Я рада, что он идет впереди и не видит моего лица. Не то чтобы я готова спать с кем-то – я не готова, – но это стоит стеной между нами. Я всегда это понимала. И теперь я снова думаю об Этьене и Элли. Он ласкает кончиками пальцев ее обнаженное плечо. Ее губы касаются его шеи. Хватит об этом думать, Анна.

Хватит, хватит, ХВАТИТ.

Я перевожу разговор на его маму. Она закончила курс лечения, но помогло оно или нет – мы узнаем только в марте. Врачам нужно подождать, когда ее организм полностью очистится от радиации, чтобы провести тесты. Этьен, как всегда, балансирует между отчаянием и надеждой, но я всегда подталкиваю его в сторону надежды, если это возможно.

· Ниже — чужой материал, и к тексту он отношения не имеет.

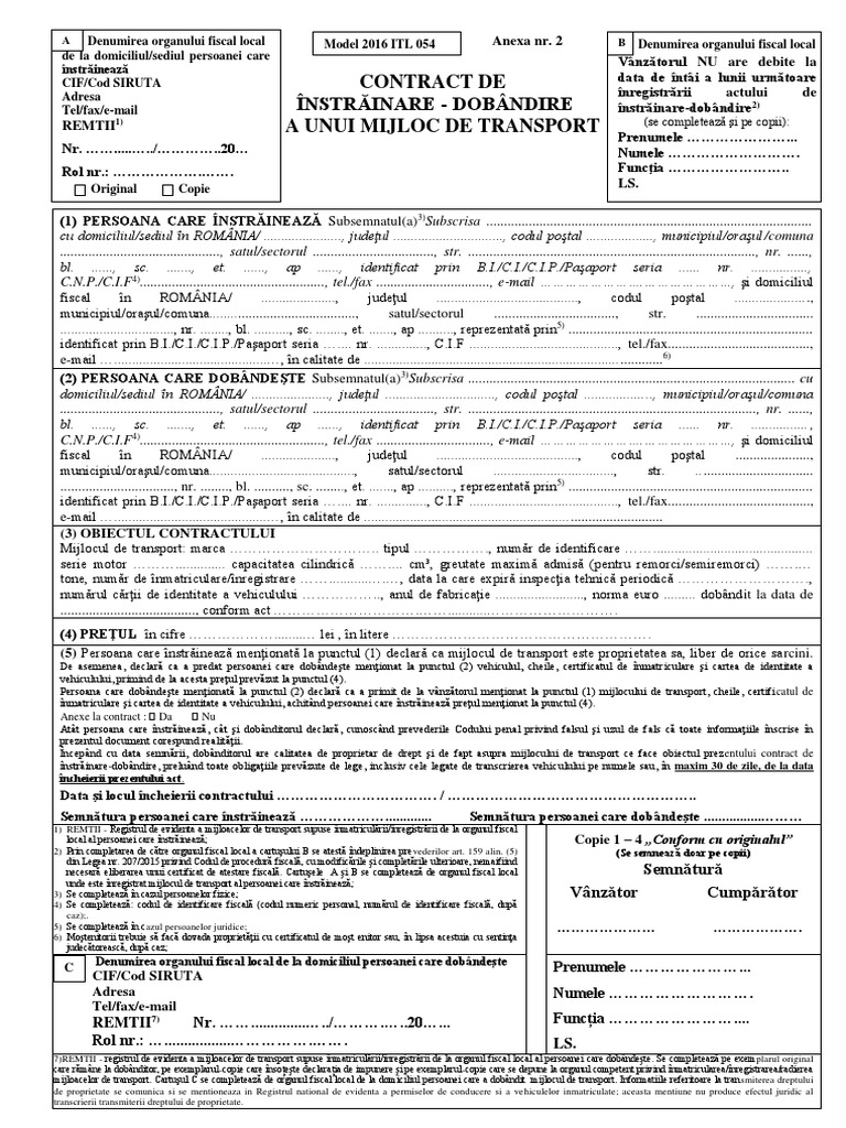 Contract de înstrăinare dobândire a unui mijloc de transport denumirea organului fiscal local denumirea organului fiscal local de la domiciliul sediul persoanei care vânzătorul nu are debite la data de înstrăinează întâi a lunii următoare înregistrării c i f cod siruta adresa tel fax e mail remtii1 prenumele. Formular contract instrainare dobandire a unui mijloc de transport pagina web oficială a municipiului baia mare conţine informaţii utile despre administraţia publică locală despre viaţa şi evenimentele din comunitatea băimăreană. A unui mijloc de transport 1 persoana care înstrăinează. A unui mijloc de transport 1.

Сегодня ей хорошо, и ему тоже. Он рассказывает мне о ее лекарствах, но я почти не слушаю, любуясь его профилем. Я снова вспоминаю День благодарения, который мы провели вместе.

Боже, как он прекрасен.

Мы идем в наш любимый кинотеатр, который между собой прозвали «Кинотеатр мамули и бассет-хаунда». Это уютный театр с одним залом всего в нескольких кварталах от общежития, и управляет им джентльмен, который выгуливает Пусу, собачку из кондитерской. Не думаю, что его можно назвать мамулей – владелец Пусы скорее похож на дедулю, – но для кинотеатра прозвище вполне подходящее. Мы входим в кинотеатр, и дружелюбный статный мужчина за стойкой кричит нам:

– Джо-джа, Атланна, джо-джа!

Я улыбаюсь в ответ. Он немного учил меня французскому, а я его – английскому. Он запомнил, что я из Атланты, штат Джорджия (Джо-джа!), и мы обычно перекидываемся парой слов по поводу погоды. А потом я спрашиваю его, счастлива ли Пуса и любит ли он вкусно поесть. По крайней мере, пытаюсь.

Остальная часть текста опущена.